**What you need to do**
Beneath this line sits some data. Return only its lines from the one holding "Praktisch jeder Haushalt" through the one holding "Newe zeytung. Warhafftiger", inclusive, exactly, with the images removed.

Data items:
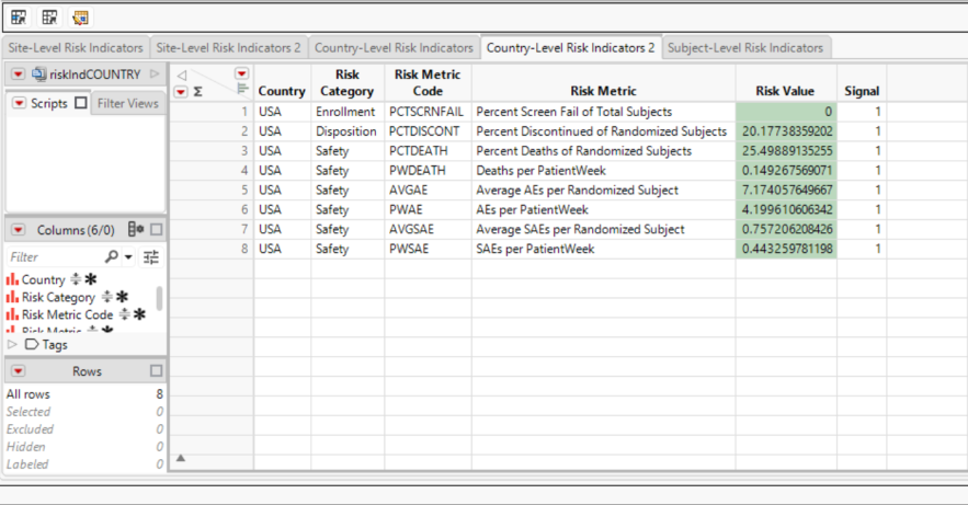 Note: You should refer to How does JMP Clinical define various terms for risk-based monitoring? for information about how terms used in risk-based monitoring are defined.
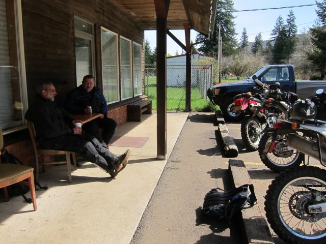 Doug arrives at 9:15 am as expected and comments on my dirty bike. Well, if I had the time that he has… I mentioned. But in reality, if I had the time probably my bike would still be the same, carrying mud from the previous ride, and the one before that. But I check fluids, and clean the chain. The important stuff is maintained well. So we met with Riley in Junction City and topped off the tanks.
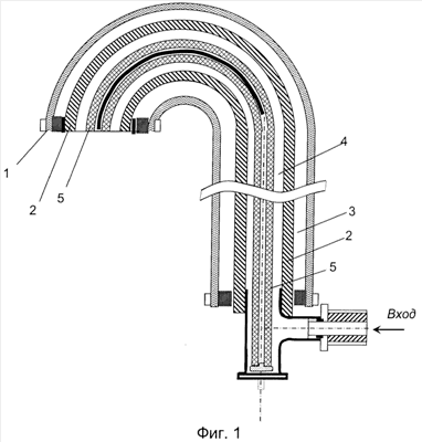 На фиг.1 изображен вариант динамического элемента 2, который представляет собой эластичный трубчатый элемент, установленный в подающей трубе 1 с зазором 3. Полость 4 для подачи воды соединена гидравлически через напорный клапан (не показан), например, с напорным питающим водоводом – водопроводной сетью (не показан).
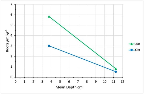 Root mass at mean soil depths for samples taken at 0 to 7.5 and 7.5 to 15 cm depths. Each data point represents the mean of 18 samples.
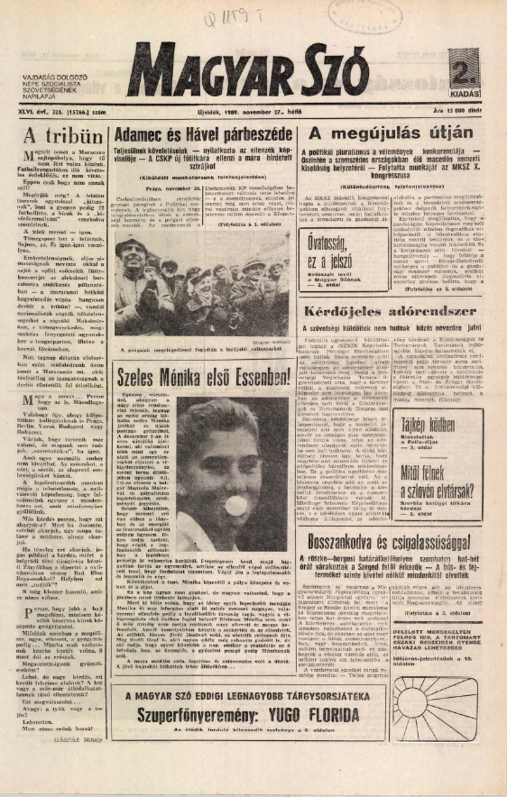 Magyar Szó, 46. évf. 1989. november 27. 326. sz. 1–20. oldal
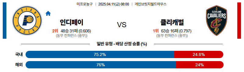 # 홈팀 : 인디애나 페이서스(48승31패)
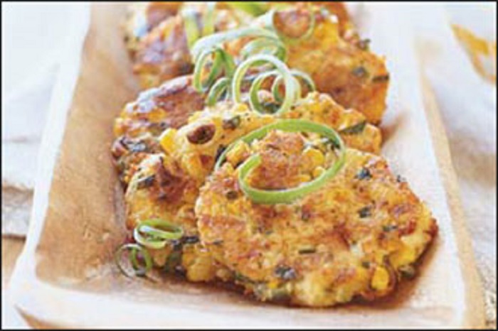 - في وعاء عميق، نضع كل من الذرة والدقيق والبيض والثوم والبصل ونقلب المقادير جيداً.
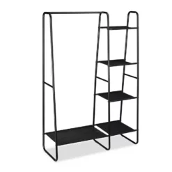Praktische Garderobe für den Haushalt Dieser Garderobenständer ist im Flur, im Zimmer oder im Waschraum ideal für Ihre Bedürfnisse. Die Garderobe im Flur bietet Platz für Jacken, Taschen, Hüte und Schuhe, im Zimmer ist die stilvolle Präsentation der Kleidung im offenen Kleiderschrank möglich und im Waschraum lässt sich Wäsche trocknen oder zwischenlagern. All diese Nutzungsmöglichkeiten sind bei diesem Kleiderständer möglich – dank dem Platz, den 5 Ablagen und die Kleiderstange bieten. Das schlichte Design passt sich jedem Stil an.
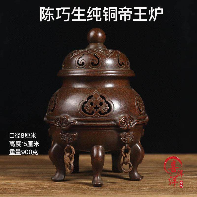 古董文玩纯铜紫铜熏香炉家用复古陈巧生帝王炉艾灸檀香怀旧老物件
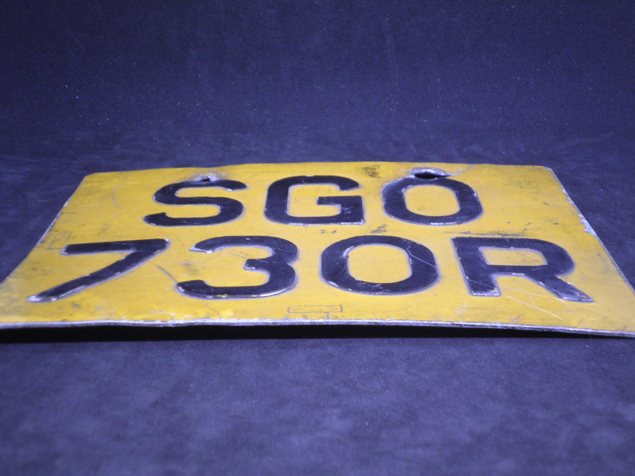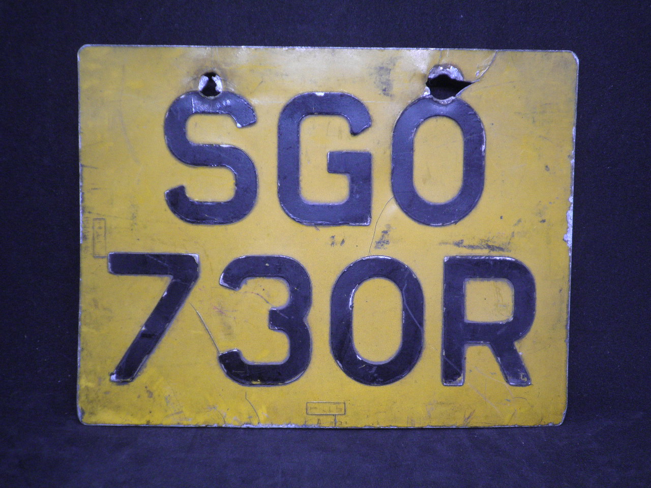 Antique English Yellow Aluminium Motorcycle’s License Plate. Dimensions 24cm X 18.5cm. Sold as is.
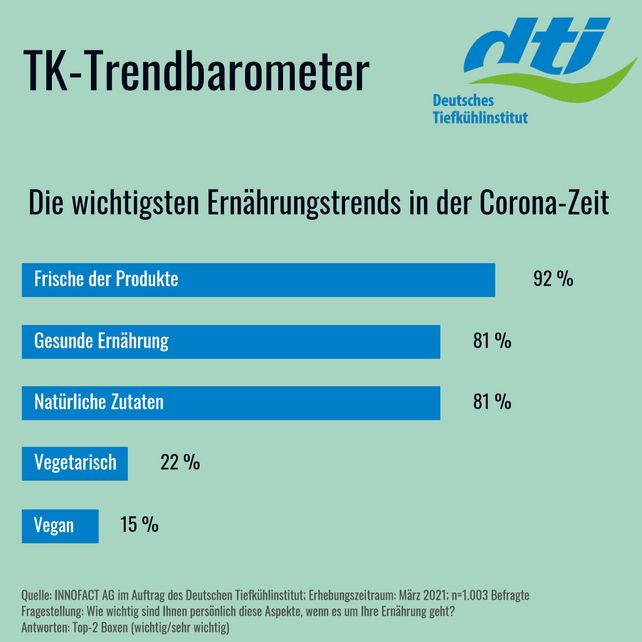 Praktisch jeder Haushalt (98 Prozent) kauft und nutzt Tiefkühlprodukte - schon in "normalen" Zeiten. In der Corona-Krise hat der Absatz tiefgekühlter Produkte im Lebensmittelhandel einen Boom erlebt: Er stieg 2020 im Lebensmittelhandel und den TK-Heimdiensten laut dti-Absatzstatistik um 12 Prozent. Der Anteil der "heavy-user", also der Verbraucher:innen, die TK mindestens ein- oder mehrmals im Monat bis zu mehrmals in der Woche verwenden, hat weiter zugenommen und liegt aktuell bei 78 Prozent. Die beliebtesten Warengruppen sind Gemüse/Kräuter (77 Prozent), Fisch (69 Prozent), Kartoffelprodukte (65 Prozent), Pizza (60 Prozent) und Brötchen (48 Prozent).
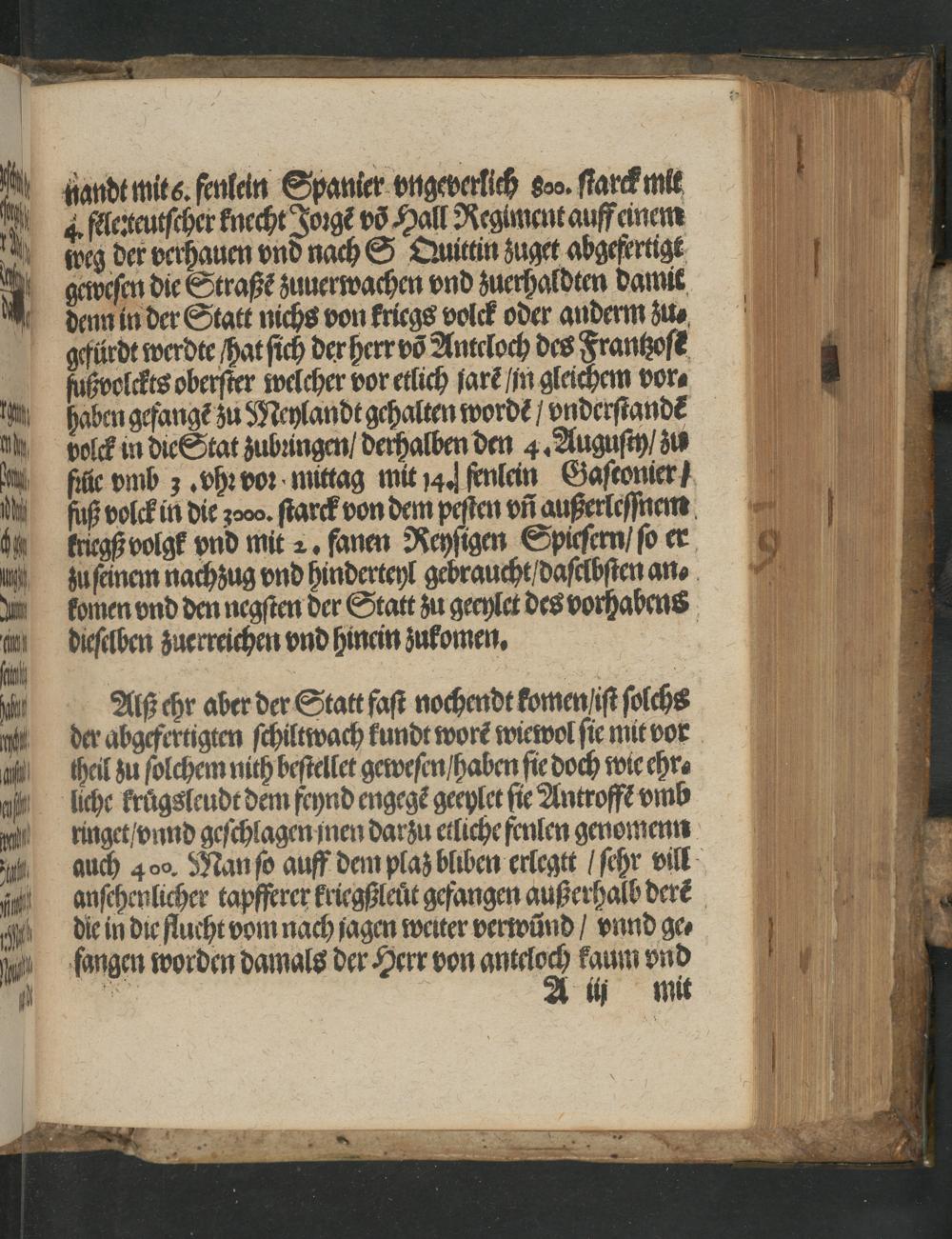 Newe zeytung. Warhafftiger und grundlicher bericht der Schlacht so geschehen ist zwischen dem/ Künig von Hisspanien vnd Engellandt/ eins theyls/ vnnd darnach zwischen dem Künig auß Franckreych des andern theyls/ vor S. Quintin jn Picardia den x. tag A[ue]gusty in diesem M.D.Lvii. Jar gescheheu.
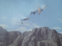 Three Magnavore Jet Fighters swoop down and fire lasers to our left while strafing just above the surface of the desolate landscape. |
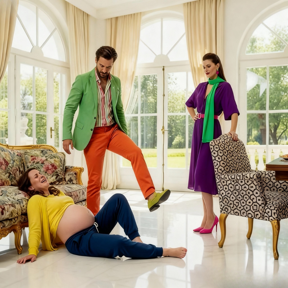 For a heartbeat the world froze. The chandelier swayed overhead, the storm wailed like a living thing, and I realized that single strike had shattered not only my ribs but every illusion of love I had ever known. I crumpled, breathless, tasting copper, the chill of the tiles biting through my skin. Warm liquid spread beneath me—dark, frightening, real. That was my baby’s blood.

**Written response**
 Praktisch jeder Haushalt (98 Prozent) kauft und nutzt Tiefkühlprodukte - schon in "normalen" Zeiten. In der Corona-Krise hat der Absatz tiefgekühlter Produkte im Lebensmittelhandel einen Boom erlebt: Er stieg 2020 im Lebensmittelhandel und den TK-Heimdiensten laut dti-Absatzstatistik um 12 Prozent. Der Anteil der "heavy-user", also der Verbraucher:innen, die TK mindestens ein- oder mehrmals im Monat bis zu mehrmals in der Woche verwenden, hat weiter zugenommen und liegt aktuell bei 78 Prozent. Die beliebtesten Warengruppen sind Gemüse/Kräuter (77 Prozent), Fisch (69 Prozent), Kartoffelprodukte (65 Prozent), Pizza (60 Prozent) und Brötchen (48 Prozent).
 Newe zeytung. Warhafftiger und grundlicher bericht der Schlacht so geschehen ist zwischen dem/ Künig von Hisspanien vnd Engellandt/ eins theyls/ vnnd darnach zwischen dem Künig auß Franckreych des andern theyls/ vor S. Quintin jn Picardia den x. tag A[ue]gusty in diesem M.D.Lvii. Jar gescheheu.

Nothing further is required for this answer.